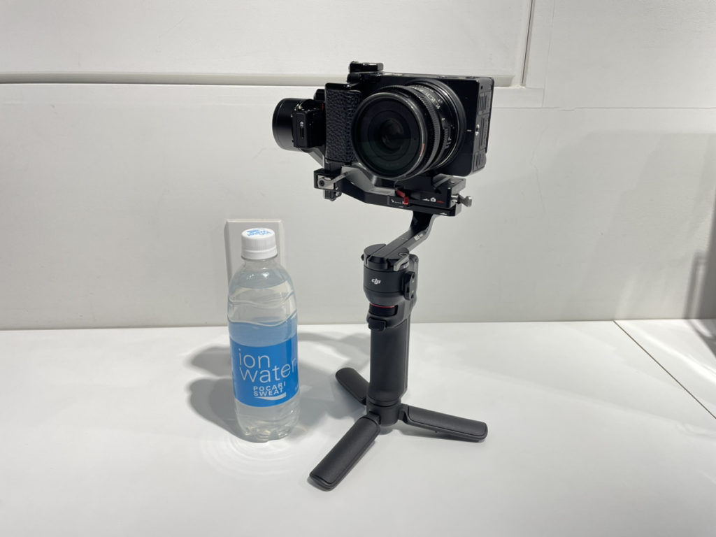 化粧箱を開けて、付属の三脚をセットするとこのような形になります。グリップの底面には1/4インチねじの穴がありますので、お手持ちの三脚や一脚に取り付けてお使いいただけます。サイズ感が分かりやすいように、バキバキにセットアップした RS 3 Pro と500mlペットボトルの間に置いてみました。
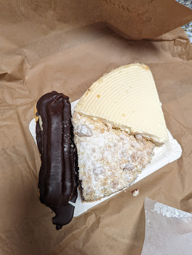 Read moreWaren auf der Durchreise und hatten ein Stopp in Magdeburg eingelegt und im Parkhaus bei Kaufland geparkt. Im Erdgeschoss fanden Wir dieses Bäckerei und entschieden Uns hier eine,, Verschnaufpause"einzulegen. Die Verkäuferin war freundlich und erklärte uns auf Anfrage fachlich den Kuchen /die Torten. Mein Mann hatte die Rum - Schnitte,sehr lecker im Geschmack und eine Heisse Schokolade (Kakao pulver ins Glas vom Automaten Heisse Milch drauf umrühren fertig). Ich hatte ein Cappuccino, der gut war und ein,, Mohrenkopf"mit Pudding gefüllt. Von mein Gebäck war ich enttäuscht, der Aufbau vom Gebäck vermute ich Biscuit oder Wienerboden Schalen die obere Hälfte mit Schokoladen Überzug in der Mitte ein Klecks Vanillepudding. Da hätte ich mehr von Erwartet. Das ironische ist der,, Mohrenkopf " ist teurer als die Rum - Schnitte. Zusammen haben wir 10,25 €bezahlt. Positiv muss ich erwähnen das wir,, Im Haus" verzeiht haben ohne Aufpreis.
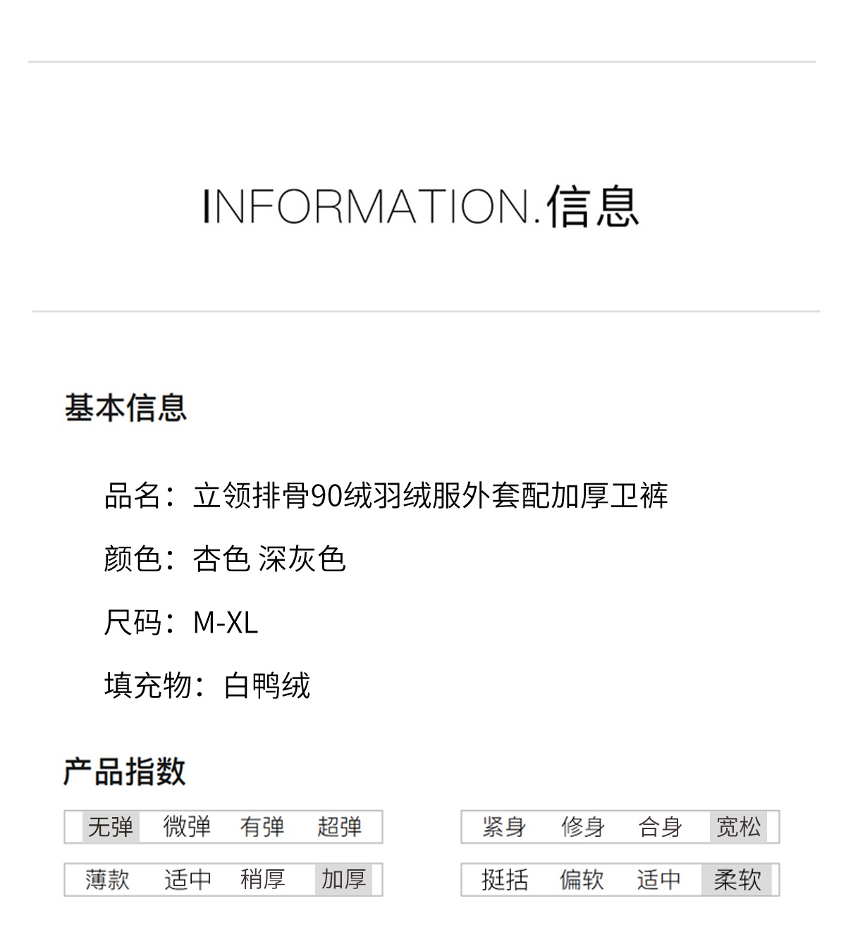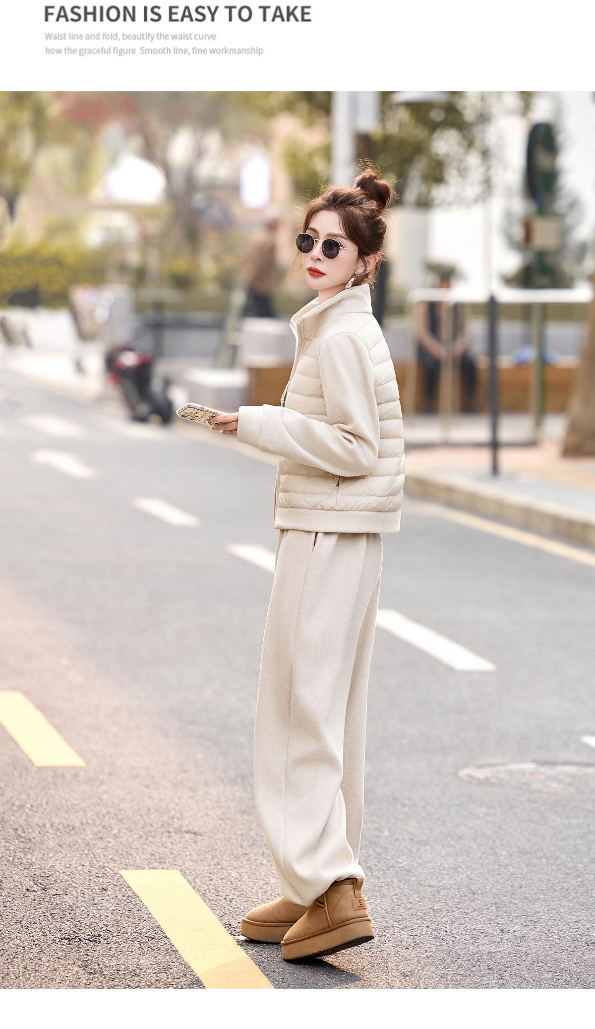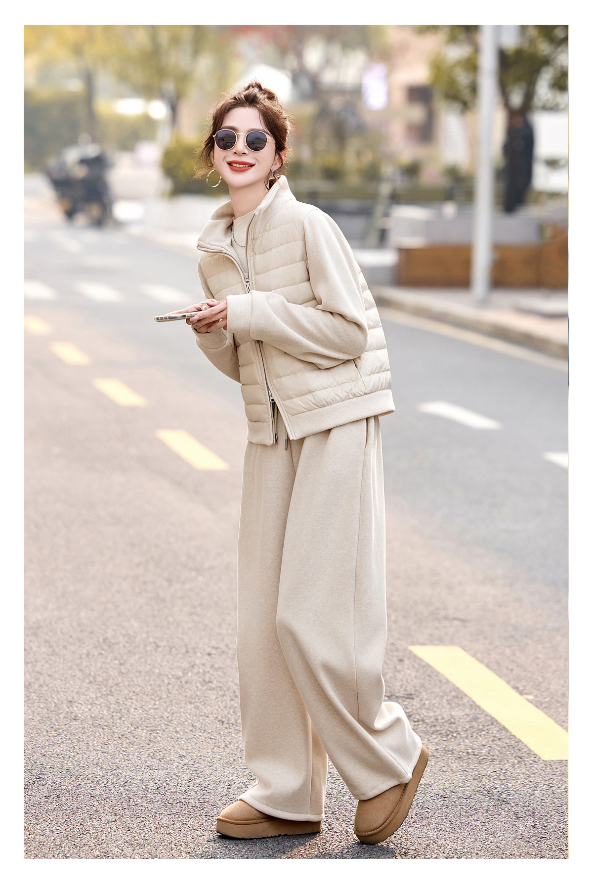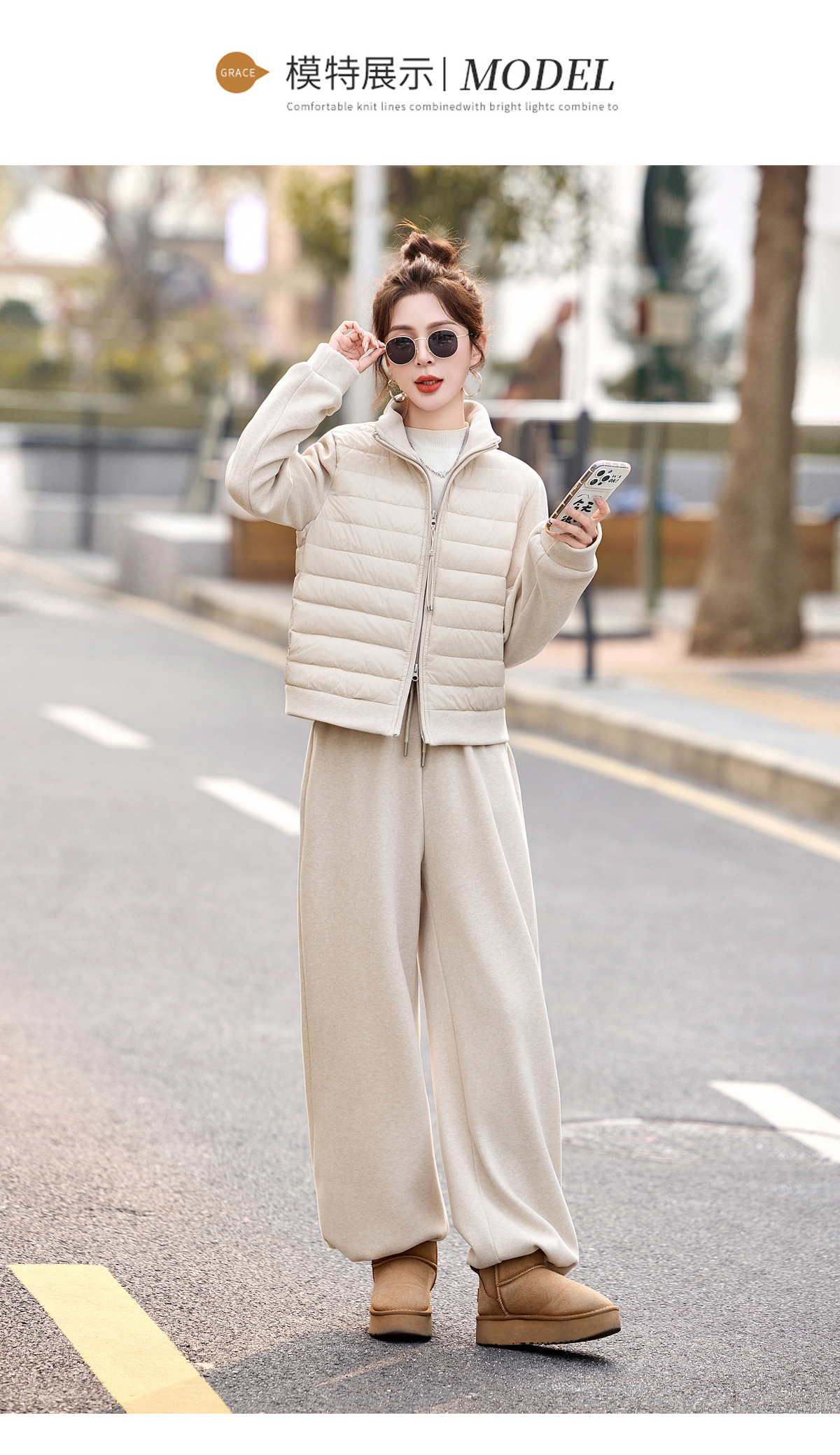韩版拼接立领排骨90绒羽绒服外套,配加厚松紧腰卫裤套装HR-YDYX9511

- YOUR INSTRUCTIONS -
If pictures appear in the data, do not print them; repeat the rest exactly.

- OUTPUT BELOW -
 化粧箱を開けて、付属の三脚をセットするとこのような形になります。グリップの底面には1/4インチねじの穴がありますので、お手持ちの三脚や一脚に取り付けてお使いいただけます。サイズ感が分かりやすいように、バキバキにセットアップした RS 3 Pro と500mlペットボトルの間に置いてみました。
 Read moreWaren auf der Durchreise und hatten ein Stopp in Magdeburg eingelegt und im Parkhaus bei Kaufland geparkt. Im Erdgeschoss fanden Wir dieses Bäckerei und entschieden Uns hier eine,, Verschnaufpause"einzulegen. Die Verkäuferin war freundlich und erklärte uns auf Anfrage fachlich den Kuchen /die Torten. Mein Mann hatte die Rum - Schnitte,sehr lecker im Geschmack und eine Heisse Schokolade (Kakao pulver ins Glas vom Automaten Heisse Milch drauf umrühren fertig). Ich hatte ein Cappuccino, der gut war und ein,, Mohrenkopf"mit Pudding gefüllt. Von mein Gebäck war ich enttäuscht, der Aufbau vom Gebäck vermute ich Biscuit oder Wienerboden Schalen die obere Hälfte mit Schokoladen Überzug in der Mitte ein Klecks Vanillepudding. Da hätte ich mehr von Erwartet. Das ironische ist der,, Mohrenkopf " ist teurer als die Rum - Schnitte. Zusammen haben wir 10,25 €bezahlt. Positiv muss ich erwähnen das wir,, Im Haus" verzeiht haben ohne Aufpreis.
韩版拼接立领排骨90绒羽绒服外套,配加厚松紧腰卫裤套装HR-YDYX9511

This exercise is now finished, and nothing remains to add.